“時遠是有些急功近利了些,朕也正在磨礪他,沒說一定是他。”宋弘旼不動聲色道:“時鈞和時軒也大了。”
宋弘偲端起了茶盞。
皇兄想來懷疑他想推時安上位做傀儡,這才故意不提時安罷?
“臣弟以為,時安無論是心性還是能力,都可堪大任。”宋弘偲直截了當:“加上這次平叛有功,比起德不配位的敬王,還是他更合適些。”
宋弘旼臉色微沉。
“且臣弟看時安跟妍妍亦是青梅竹馬,天生一對。”宋弘偲不管他的臉色,自顧自道:“若是先立儲君再賜婚,豈不是雙喜臨門?”
宋弘偲話里話外替宋弘旼做主,宋弘旼自是心中不喜。
“弘偲,朕自有朕的考量。”他強忍著沒發作道:“你的意思朕知道了,你先回去見過母后,明日再議。”
宋弘偲把玩著手上的香囊,有陣陣淡雅的香味傳來,甚是好聞。“若臣弟非要皇兄答應呢?”
“弘偲!”宋弘旼臉色變得極為難看。
同時他心裡升起了陣陣不安,這香囊雖不是他送給宋弘偲的,可這香料確是沒錯。
宋弘偲終於起身。
然而還沒等宋弘旼鬆口氣,宋弘偲忽然解下身上的香囊,放到鼻子底下嗅了嗅。
“記得小時候,臣弟聞著著香氣,便如同母后、皇兄、皇姐在我身邊一樣,哪怕遠在萬里之外我也不孤獨。”宋弘偲說著,把香囊合攏在掌中。“我從不後悔離京征戰,我也真心希望皇兄江山永固——”

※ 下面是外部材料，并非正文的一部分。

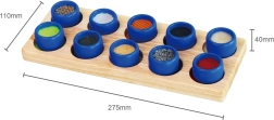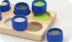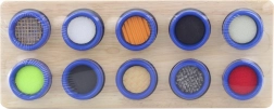 Αυτό το ξύλινο απτικό σετ ταξινόμησης συνδυάζει τις αγαπημένες αρχές των sorters με βαθύτερη αισθητηριακή διέγερση. Η βάση με δέκα οπές και το σετ δέκα κυλίνδρων με διαφορετικές επιφάνειες και υλικά υποστηρίζουν τη συγκέντρωση, τη λογική σκέψη και την ανάπτυξη της λεπτής κινητικότητας.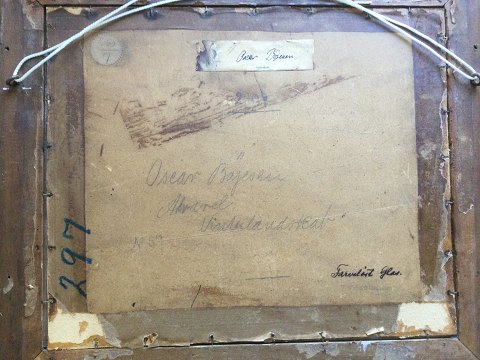 Bagpå - Oscar Bojesen samt udstillingsmærkat og stempel fra Winkel og Magnussen.

當他再攤開手掌時,不僅手中的香囊已經被捏成了碎片,香料也四分五裂。
“這香料,以後皇兄不必再送了。”
說完,他也不管宋弘旼一陣青一陣白的臉色,把手中的碎片隨手丟下,便拂袖離去。
***
宋時琛被五花大綁的帶到御書房時,已經過了子時。
他渾身狼狽,眼中卻滿是嘲諷,絲毫沒有認罪的意思。
“孽子!”宋弘旼本就因宋弘偲的行為心中不痛快,見宋時琛竟毫無悔改之意,氣得摔了手邊的茶盞。
這場景似曾相識,宋時琛已經有些麻木,甚至任由瓷片混著茶水濺到他身上。
“父皇不必生氣,兒臣認罪。”宋時琛甚至輕笑一聲:“要殺要剮,父皇隨意。”
他這幅無所謂的模樣,更是激怒了宋弘旼。
“你這是什麼態度?”宋弘旼怒道:“還是朕冤枉你不成?”
宋時琛笑了笑:“兒臣意圖謀反被抓了現行,當然不冤枉。兒臣罪有應得。”
“宋時琛!”宋弘旼最恨他現在一心求死的模樣,手一揮把御案上的奏摺掀翻在地上。“你自幼時朕便對你精心栽培,你一而再辜負朕的心血。朕寬恕過你一次,你竟這樣變本加厲的回報朕?”